隴州(SX省隴縣)州長韋倫調任秦州防御使后,雜家的族兄與其不和,憤然離開,來長安投奔我。
今日剛好給你們引薦。
族兄,快過來見過呂大人。”
馬忠抱拳施禮道:“久仰大人威名,今日得見,三生有幸!
宦官馬上言這么一番介紹,呂諲就明白了。定是馬忠得罪了韋倫,在秦州待不下去了,才來投靠族弟馬上言。
這個韋倫,呂諲是知道的。他是前朝宰相韋見素的堂弟。年前,肅宗下詔擢升隴州州長韋倫為山南東道戰區節度使。當時,宦官李輔國當權,戰區節度使皆出自他的門下,只韋倫例外。
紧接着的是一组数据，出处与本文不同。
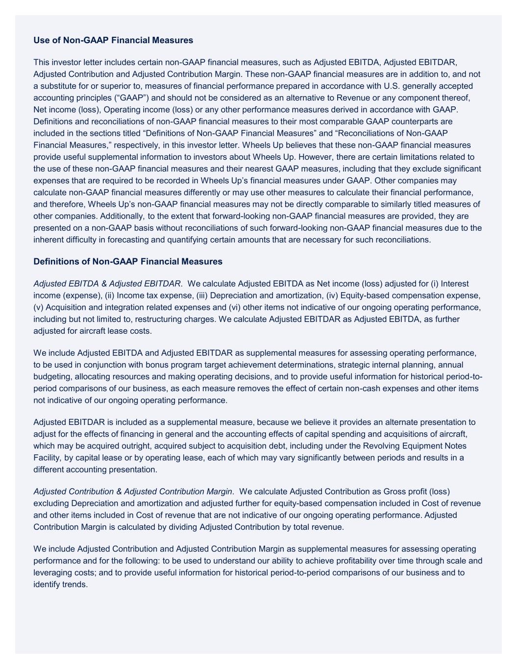 本プレスリリースには、調整後EBITDA、調整後EBITDAR、調整後貢献度、調整後貢献度マージンなど、特定の非GAAP財務指標が含まれています。これらの非GAAPベースの財務指標は、米国で一般に公正妥当と認められた会計原則(以下「GAAP」)に準拠して作成された財務業績の指標に追加されるものであり、これに代わるものでも優越するものでもなく、売上高またはその構成要素、純利益(損失)、営業利益(損失)、またはGAAPに準拠して算出されたその他の業績指標の代替とみなされるべきではありません。非GAAP財務指標の定義および最も比較可能なGAAP財務指標への調整は、本プレスリリースの「非GAAP財務指標の定義」および「非GAAP財務指標の調整」にそれぞれ記載されています。ホイール・アップは、これらの非GAAP財務指標がホイール・アップに関する有益な補足情報を投資家に提供すると考えている。ただし、これらの非GAAP財務指標およびそれに最も近いGAAP財務指標の使用には、GAAPに基づくホイール・アップの財務指標に計上が義務付けられている重要な費用を除外することを含め、一定の制限がある。他の企業は、非GAAP財務指標を異なる方法で計算する可能性があり、または財務実績を計算するために他の指標を使用する可能性があるため、Wheels Upの非GAAP財務指標は、他の企業の同様のタイトルを持つ財務指標と直接比較できない可能性がある。さらに、将来予想に関する非GAAP財務指標が提供される限りにおいて、そのような将来予想に関する非GAAP財務指標は、そのような調整に必要な特定の金額を予測および定量化することが本質的に困難であるため、調整なしで非GAAPベースで表示されます。

韋倫自持身份高貴,任命節度使后拒絕晉見李輔國。李輔國懷恨在心,找個碴,很快將韋倫降職,調至秦州任防御使。
呂諲暗道:“俗話說,禮下于人必有所求。今日馬上言擺酒設宴,定是有求于我。我先不說破,且看馬上言如何張口。”
酒過三巡,菜過五味,馬上言喝止翩翩起舞的眾舞娘,讓馬忠舞刀助興。
馬忠欣然答應,持刀來到宴廳中央。刀法展開,虎虎生風,威風凜凜。幾十個回合下來,氣不喘,汗不流,功夫相當了得。
呂諲一看,果然有真才實學,不禁大聲喝采。
馬上言笑道:“呂大人,實不相瞞,雜家族兄真正的本事是帶兵打仗,埋沒在獒衛實在太過屈才。如今叛軍未定,軍中急需將領,正是大好男兒建功立業的機會。
今日盛情邀請,就是想向呂大人討個軍中的差事,讓雜家族兄能夠征戰沙場,報效皇恩。”
呂諲大笑:“這個好辦,我明日將讓兵部下調令,將馬將軍的軍籍調入駐守河陽的朔方軍。”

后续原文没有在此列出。